The origins of the global financial crisis stemmed fundamentally from a failure to properly assess and manage risk. Amongst other things, the search for higher returns drove the supply of increasingly complex securitisation products, in which the risks were not well understood.

During and in the aftermath of the global financial crisis, APRA has supplemented APS 120 with ad hoc letters and additional guidance. In practice, responding to an increasingly complicated product with increasingly complicated prudential requirements has proven unsatisfactory.

In addition, since the global financial crisis, some ADIs have preferred to place a greater emphasis on securitisation as a source of funding and have been less concerned with securitisation for regulatory capital relief. This has had the effect of making the requirements within the current APS 120 (January 2015) less relevant, since it is predicated on securitisation being used primarily for regulatory capital relief.[7]

The global financial crisis also highlighted several weaknesses in the Basel II (and current Australian) securitisation framework, including insufficient regulatory capital for certain securitisation exposures. Under the existing regulatory framework, there are very low regulatory capital requirements on some securitisation exposures with high credit ratings (namely AAA-rated exposures), which proved to be inadequate from the experience of the global financial crisis.

The most significant revisions with respect to the Basel II securitisation framework relate to changes in the approaches used to calculate regulatory capital, the risk drivers used in each approach and the amount of regulatory capital banks must hold for exposures to securitisation. These are designed to respond to the shortcomings that have been identified in the current regulatory framework.

Questions 3 & 4 – Options that may achieve the objectives and impact analysis – costs, benefits and risks

Policy options to address the problem in regard to securitisation and the likely net benefit of each option were outlined in APRA’s second consultation paper (refer to Annexure: Policy options and comparative net benefits on pages 31-34).

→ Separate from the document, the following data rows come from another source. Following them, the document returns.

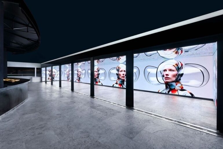 The heart of the collaboration is Hï Ibiza’s rooftop Dom Pérignon bar, now home to the world’s first dedicated nightclub art gallery. Built using custom-engineered LED displays by W1 Curates, the space replicates each artist’s color palette with stunning accuracy, while mirrored ceilings enhance the immersive effect and expand the visual depth.
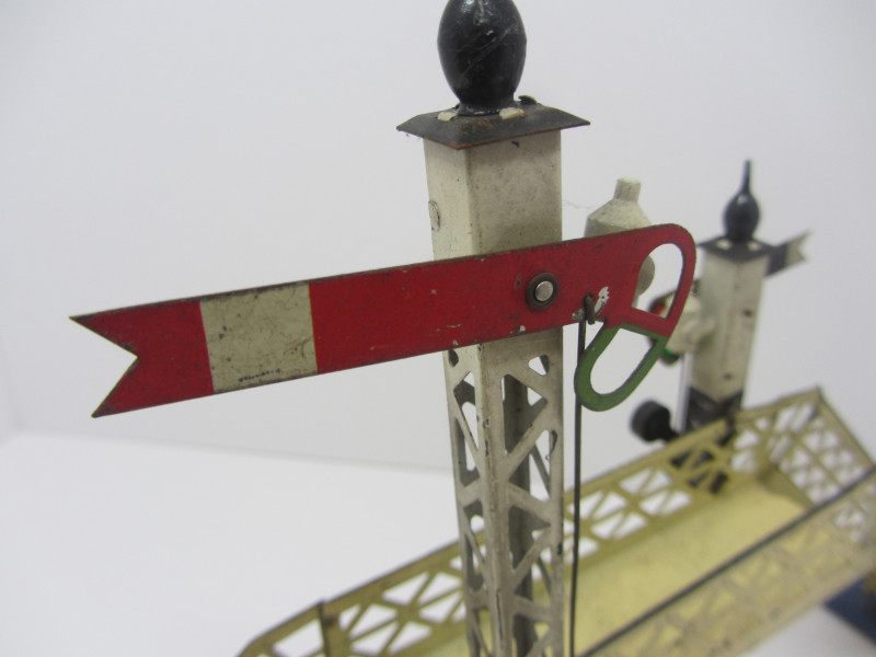 LOT 43257: Early Hornby Gauge 0 No2 Lattice Footbridge with Signals
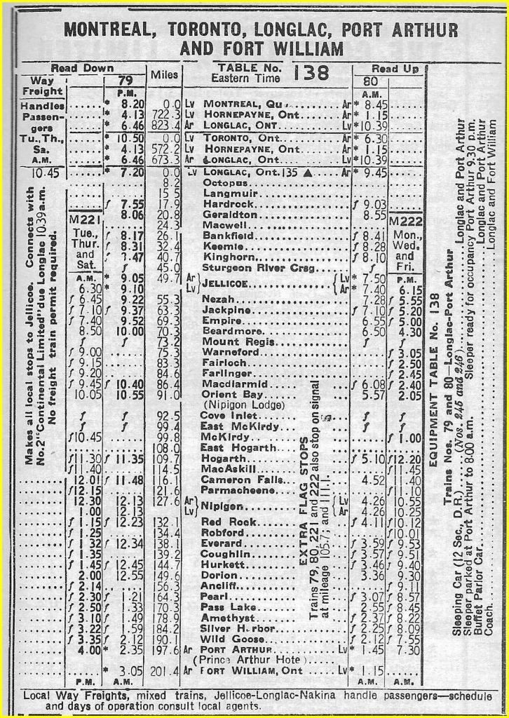 CNR timetables, courtesy of Dave Battistel.
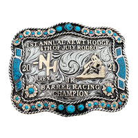 The Hodge Buckle is a unique shaped silver plated buckle that looks awesome with its beautiful stonework. This custom trophy buckle has a very unique look, and the custom lettering can be changed to whatever you need. The shimmer of this buckle will catch your eye and is a great way to show off someone’s hard work, achievement, or personalization. This buckle measures 3.5" inches tall by 4.5" inches wide. The back of the buckle has a hook for your belt hole. It also has a swivel bar to attach to your belt.
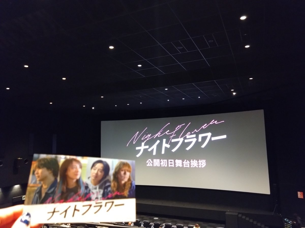 『ナイトフラワー』2回目も初日舞台挨拶ライブビューイングで。 1回目見た時は正直何度も見るのは重いかなと思ったけど、2回目にして芸術性の高さに目がいくようになり、まだ見足りない!という気持ちになった。(既に明日の座席予約済んでたけど😎) #ナイトフラワー見たよ pic.x.com/lcPJdC2qhX
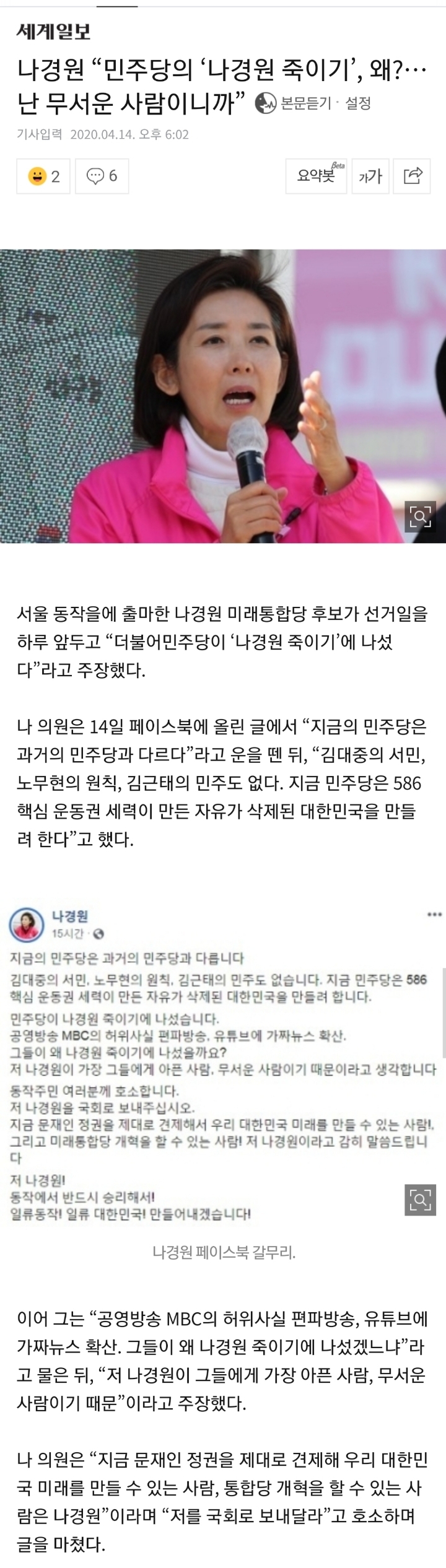 [기사]나경원 “민주당의 ‘나경원 죽이기’, 왜?… 난 무서운 사람이니까” 작성자메비우스그린|작성시간20.04.14|조회수1,155 목록 댓글 28 글자크기 작게가 글자크기 크게가 https://n.news.naver.com/article/022/0003456457 다음검색 현재 게시글 추가 기능 열기 북마크 공유하기 신고 센터로 신고 댓글 댓글 28 댓글쓰기 답글쓰기 댓글 리스트 작성자쉬쉬러 | 작성시간 20.04.14 ㅋㅋㅋㅋㅋㅋㅋ 작성자ZYRA | 작성시간 20.04.14 와 너무 무섭다 작성자벤츠타는레즈 | 작성시간 20.04.14 뭐래? 아닥 이미지 확대 작성자별을쏘다☆★ | 작성시간 20.04.14 엥? 자의시과잉이네 작성자지니22♥ | 작성시간 20.04.14 아...뉘예뉘예 댓글 전체보기

These three policy options were as follows:

·         the first option was to maintain the status quo under which no changes would be made to APS 120 and associated reporting standards and forms;

·         the second option was for APS 120 and associated reporting standards and forms to be amended to simplify the framework, in consideration of submissions received, but without incorporating the Basel III securitisation framework; and

·         the third option was to include in APS 120 both APRA-initiated proposals and the Basel III securitisation framework (with appropriate Australian adjustments), in consideration of submissions received.

APRA noted that the third option, if chosen, would be achieved by amendments to APS 120 and associated reporting standards and forms.

The APRA-initiated proposals reflected in the second and third options include:

·         simpler approaches to calculating regulatory capital requirements;

·         higher capital requirements for certain more risky (‘non-senior’) securitisation exposures;

·         conservative treatment for complex types of securitisation i.e. synthetic securitisation, asset-backed commercial paper securitisation and securitisation of revolving credit facilities; and

·         flexibility for ADIs in their funding arrangements i.e. the explicit recognition in APS 120 of securitisation used purely for funding purposes (funding-only securitisation) and not capital relief.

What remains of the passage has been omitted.